There’s Nothing Moderate About Jeb Bush’s Position On Gay Marriage

Is 2016 going to be a repeat of the 2000 election, with a member of the Bush family able to sail into the White House above a more popular member of the Clinton team by successfully hoodwinking the public into thinking he’s more moderate than he is? The chilling realization that Jeb Bush really could be the next president settled in over me this week with the news that he’s staking out the “moderate” position on same-sex marriage by sticking to the line that same-sex marriage should be a matter left up to the states. It’s a position that has troubling echoes of George W. Bush’s “compassionate conservatism” nonsense in the 2000 elections, a little bit of spin to convince voters you’re not one of those scary Bible-thumpers while continuing to be everything the scary Bible-thumpers could want out of a presidential contender.

“Leave it up to the states” is one of those lines that exists purely to push a hard-right agenda while pretending it’s actually a flexible, moderate agenda. This was true when Barry Goldwater argued that the basic human rights of black people should be determined on a state-by-state basis, and it continues to be true today.

For people who are still stuck on the idea that discrimination is somehow less offensive if conducted on a more local level, I recommend reading about the bigoted temper tantrum being thrown at the courthouses in many Florida counties in response to a court ruling that found Florida’s ban on same-sex marriage to be unconstitutional. In anticipation of this ruling, many courthouses in the state are refusing to marry anyone if they have to extend the service to gay people. “It was decided as a team, as an office, this would be what we do so that there wouldn’t be any discrimination,” Duval Clerk of Courts Ronnie Fussell told the Florida Times-Union. “The easiest way is to not do them at all.”

While the bigots in question are playing this off merely as a matter of “conscience,” it’s easy to see how this is a straight-up attempt not to excuse themselves from participating by preventing same-sex marriages altogether, but creating entire counties where the only authorities who can marry couples are religious authorities, most of whom—at least in rural, conservative areas—will also refuse to marry gay couples.

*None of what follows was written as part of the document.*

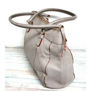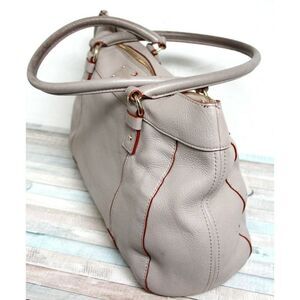 LRG kate spade GRAY GENUINE LEATHER RED TRIM ZIP TOP TOTE SHOULDER BAG HANDBAG
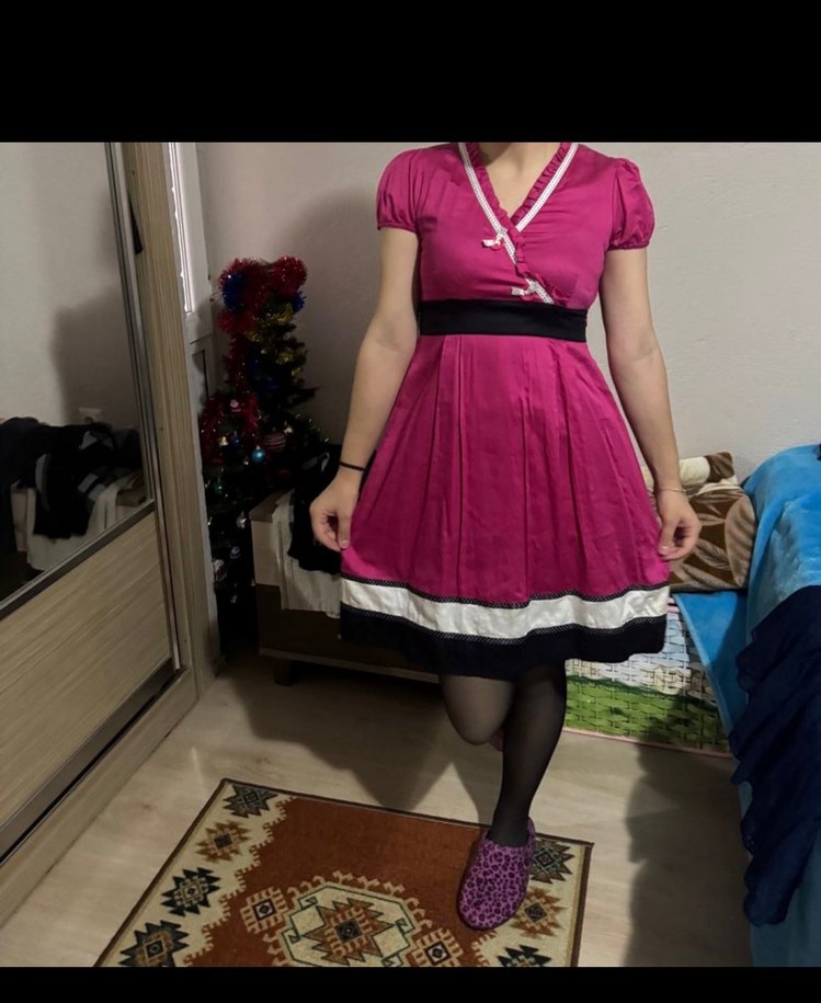 Pembe renkli, V yakalı ve pilili etekli, vücuda oturan midi elbisedir. İnce askılı kol stili ve koyu tonlarda tie-dye deseniyle günlük kullanıma uygundur.

Conservatives can pull stunts like this, realizing most people aren’t going to take the time to look at the actual, real-world effects of these policies and instead will see them as moderate compromises on the issue of gay rights.

It’s becoming increasingly clear that Jeb Bush himself is a master of being a rightwing wolf in moderate sheep’s clothing, at least on the gay rights issue. In December, the New York Times reported on thousands of emails from his time as Florida governor that Bush released to them in response to a public records request. Bush’s ability to hoodwink mainstream media into believing he’s moderate is on full display in this one quote from writer Jonathan Martin:

He was less of a hard-liner, though, when a gay Floridian hoping to win a job in Mr. Bush’s administration gently asked if his sexual orientation would present a problem.
“On the other stuff, don’t ask, don’t tell is fine with me,” Mr. Bush responded, appropriating the terminology President Bill Clinton used regarding gays in the military. “What you do in your private life is your business. If it crosses over into the public policy realm, then that is another matter. If you are comfortable with that, then we can proceed.”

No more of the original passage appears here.